United States of America, v. Eric Cook, Appellant, 950 F.2d 797 (D.C. Cir. 1991)Annotate this Case
Before MIKVA, Chief Judge, and SILBERMAN and RANDOLPH, Circuit Judges.
This case was considered on the record from the United States District Court for the District of Columbia and on the briefs and arguments of the parties. The arguments have been accorded full consideration by the court and occasion no need for a published opinion. See D.C. Cir. Rule 14(c).

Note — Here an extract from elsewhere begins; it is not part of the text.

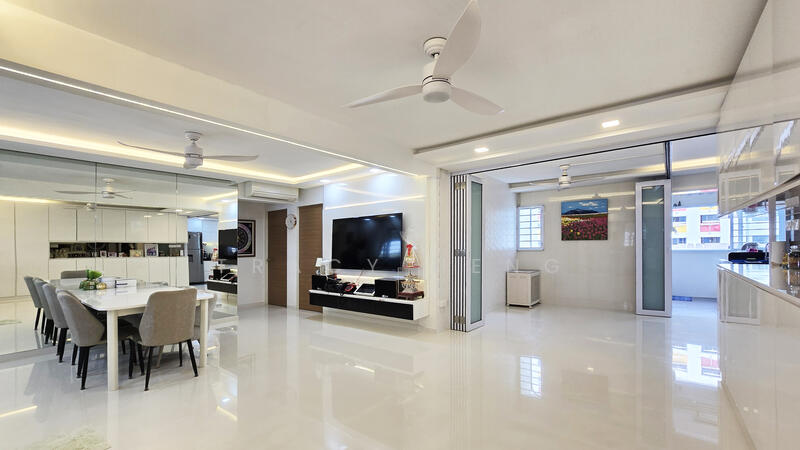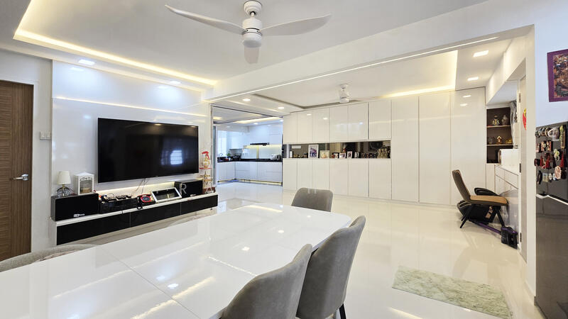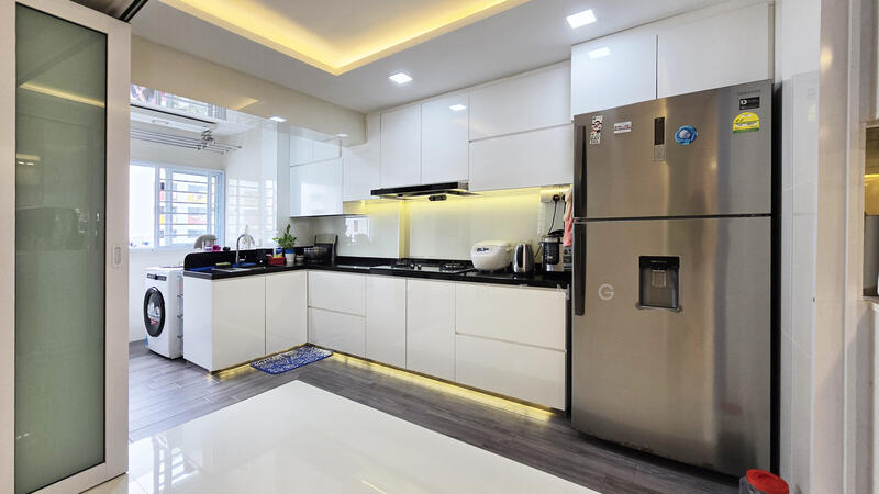 Nicely renovated and well-maintained 5R HDB flat with spacious and squarish living & dining space. This residence boasts modern kitchen furnishings, ample cabinets, and a well-designed layout that maximizes space. Perfect for families seeking a tranquil home.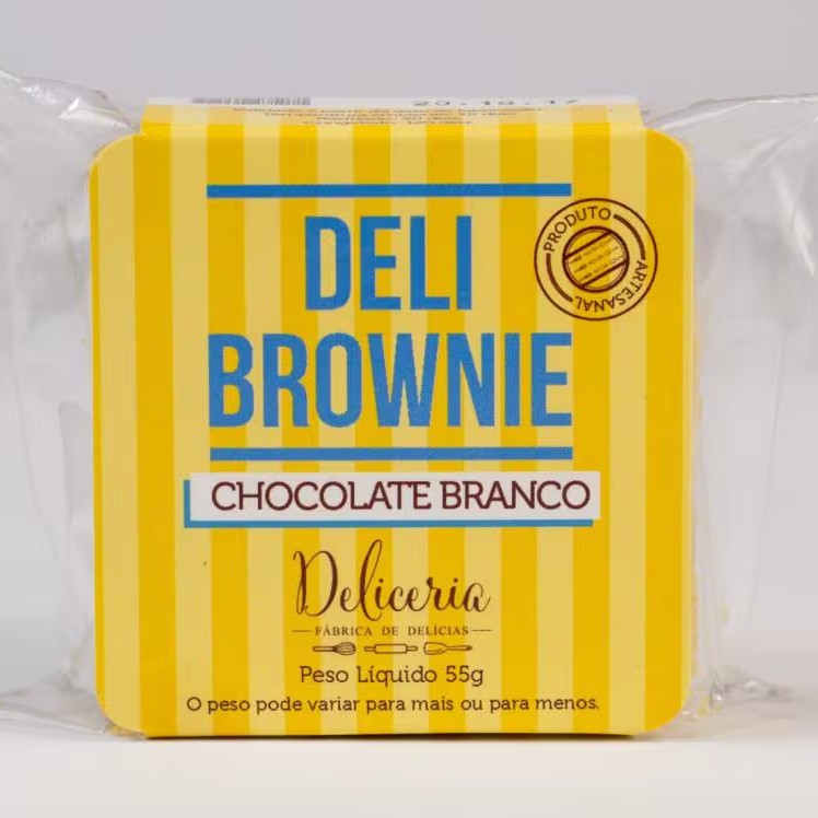 Brownie com Sabor Intenso de Chocolate Branco, com Pedacinhos de Chocolate Branco na Massa.

Appellant Eric Cook argues that an officer could not reasonably have suspected that he was armed after noticing a bulge in his sweatshirt. We disagree. "Once the officer had seen the bulge," Judge Penn found, "he certainly had a right to ask Mr. Cook to step out of the car for their own safety. When Mr. Cook stepped out of the car, the officer had a right to pat him down." In Pennsylvania v. Mimms, similarly, the "bulge in the jacket permitted the officer to conclude that [appellant] was armed and thus posed a serious and present danger to the safety of the officer. In these circumstances, any man of 'reasonable caution' would likely have conducted the 'pat down.' " 434 U.S. 106, 112 (1977). We need not reach Mr. Cook's argument that the search falls short of the "plain touch" standards enunciated in United States v. Williams, 822 F.2d 1174, 1884 (D.C. Cir. 1987), since we think it was justified by Terry v. Ohio, 392 U.S. 1 (1968). Once the officer frisking Mr. Cook felt an object that might reasonably have been a weapon, it was permissible for the officer to reach into Mr. Cook's sweatshirt and withdraw the object into plain view, where it became apparent that the object was actually contraband.
ORDERED and ADJUDGED that appellant's conviction be affirmed.